Friday, October 27, 2017

Catalan parliament declares independence from Spain

Catalan parliament declares independence
Catalonia's regional parliament has declared independence from Spain on in a disputed vote that is now likely to be declared illegal by Spain's constitutional court.

The independence motion was passed in the 135-strong assembly with 70 votes in favour, 10 against and two blank ballots, the assembly's speaker said.

Following the vote, the upper house of Spain's parliament authorised the government of Prime Minister Mariano Rajoy to rule Catalonia directly from Madrid.

Mr Rajoy is now expected to convene his cabinet to adopt the first measures to govern Catalonia.

This could include firing the Barcelona government and assuming direct supervision of Catalan police forces.

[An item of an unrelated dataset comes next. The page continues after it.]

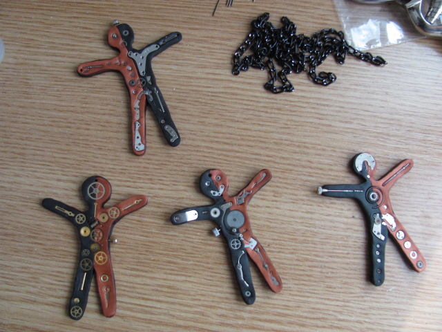Prindem pandantivele astfel obținute pe un lanț sau un șnur, după preferințe. Omuleții pot fi transformați chiar și în broșe.

Mr Rajoy called for calm in a tweet posted minutes after the independence vote.

He wrote: "I ask for calm from all Spaniards. The rule of law will restore legality in Catalonia."

European Council President Donald Tusk has said that the Catalan’s parliament's declaration of independence has changed nothing and the European Union will only deal with the central government in Madrid.

On Twitter, Mr Tusk wrote: "For EU nothing changes. Spain remains our only interlocutor."

He also urged Spain to favour "force of argument, not argument of force."